Maroesja Perizonius, a Dutch former victim of the Osho cult’s child sex regime, made the film in response to Netflix’s well-regarded Wild Wild Country. That series charted the Rajneesh movement’s activities in Wasco County, Oregon, without once delving into the subject of widespread child abuse.
Former victims step forward and bravely recount, sometimes shuddering with post-traumatic stress, the daily rituals and absurdly unapologetic practices that offered, as one survivor says, “free sex and free sex with children. If you’re a predator, what a great environment to go in.”
As well as detailing the crimes of several predatory men, including those who posed as teachers and carers in the cult’s sinister Suffolk base, known as Medina (it closed in the 1980s), Perizonius’s film turns its wrath on the navel-gazing parents who happily placed their children in harm’s way.

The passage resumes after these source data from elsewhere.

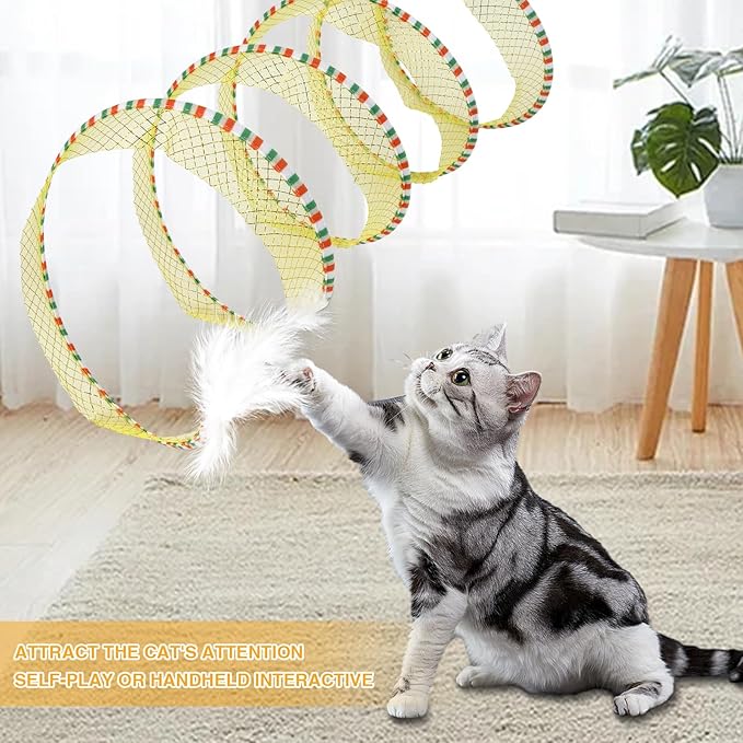 - 【Versatile Design】: ZShireeyblackey cat spiral tunnel toy is not only a foldable cat tunnel but also a interactive cat wand. The tunnel features plush mice, feather teasers, and interactive bells on both ends, which can stimulate your cat's curiosity and provide endless entertainment. It is the perfect indoor play and exploration toy for cats.
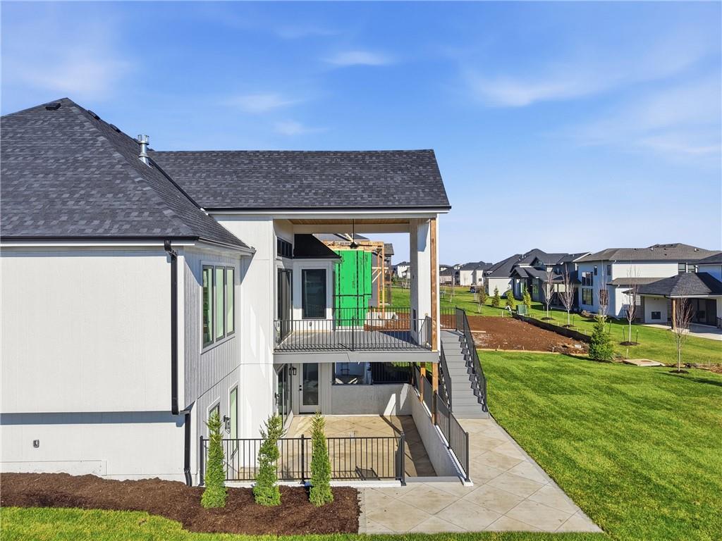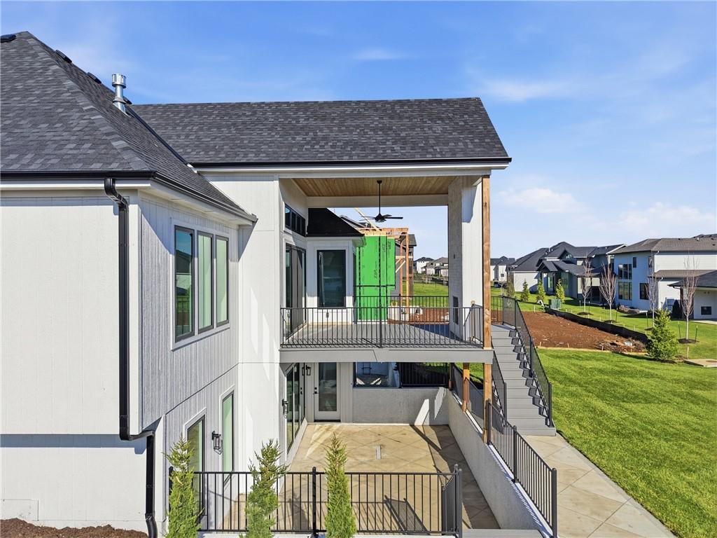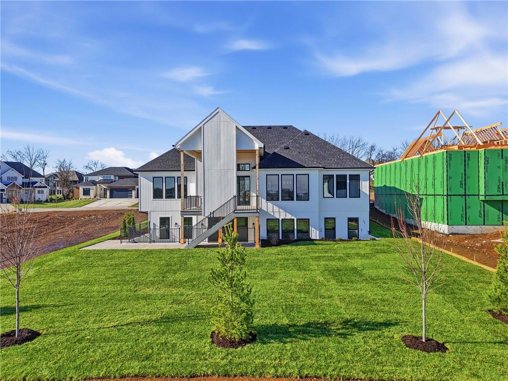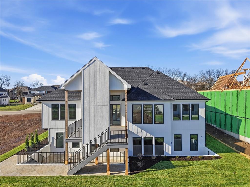 READY!! You'll love this sought after Gunnison REVERSE by JFE HOMES with a X-Large sunken patio on Lot #182 in a private cul-de-sac. This ideal floor plan is a popular one with spacious main floor living at just over 2000 square feet on the main floor and a full finished walkout lower level for a total of 3596 finished square feet of living space. BONUS WASHER AND DRYER already installed by the BUILDER! SO many extra features in this home like the pocket office, elegant glass doors in the kitchen, large prep pantry, free standing tub, pull down bars in primary closet. This beautiful home is an award winning plan and loaded with upgraded features at this price. The BRAND NEW modern look includes extra windows, vertical wood accent posts with real stone trim. Built on a walkout/up lot with an AMAZING OUTDOOR sunken patio. MUST SEE! This home also features a covered deck with fireplace, double sliders that open from the great room providing plenty of light, a large great room with high ceilings and an oversized kitchen with island prep style walk in pantry. The perfect walkout lower level is finished and has a spacious living room with wet bar, TV accent wall, and two additional bedrooms and a fitness room. Still plenty of room for basement storage. Century Farms has a spectacular club house with a farmhouse twist ideal for neighborhood gatherings or private parties. It features a small prep area, fireplace, pub tables, reading loft and a fitness center. Large resort style swimming pool. There are plenty of neighborhood activities with a fire-pit, two pickle-ball courts and a basketball hoop, farm themed animal kids play area, wildflower walkways and a community garden. Century Farms is conveniently located near the brand new Bluhawk shopping center, Heritage Park, the Johnson County Trail system and the Overland Park Arboretum. Come join the fun in Century Farms, a unique one of a kind upscale new home community in Overland Park. BLUE VALLEY SCHOOLS
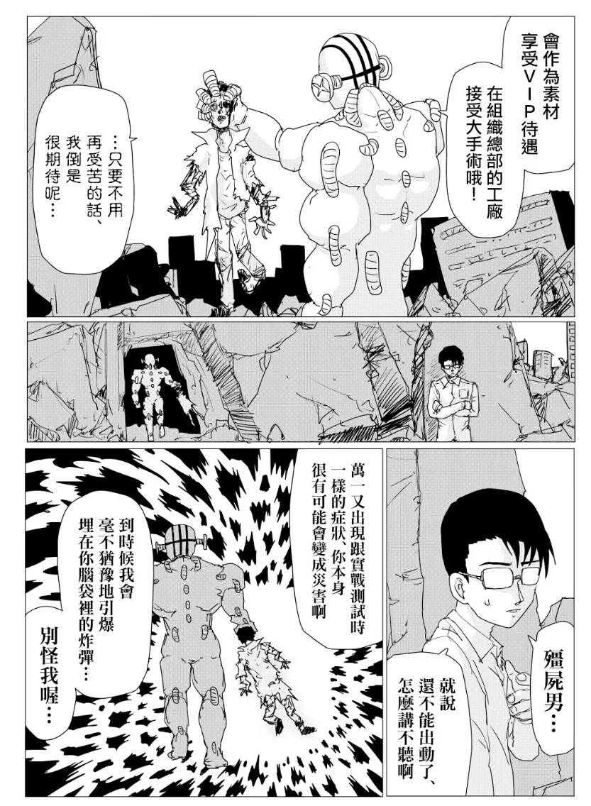 僵尸男也会被作为素材接受改造成为战斗机器,看到这一幕我们都以为僵尸男败了。但实际上这是僵尸男和基诺斯博士的计谋,之前僵尸男就和基诺斯博士去了地下室,寻求限制器的突破,这里僵尸男被击败基诺斯博士都没有出手就表明了他们有更大的计划,那就是僵尸男到达他们的老巢之后在行动。

Told that their sons and daughters were an “impediment” to enlightenment, they abandoned their children to a system that encouraged “sexual initiation” between adult men and girls as young as eight.
When one abuser is finally interviewed, in audio only, he is remarkably phlegmatic about his atrocities, merely sighing, “Yeah, that was a big mistake I made, and I’m really sorry about that.” Another, still spiritual after all these years and leading meditation groups, is furious and aggressive when confronted about his rapist past.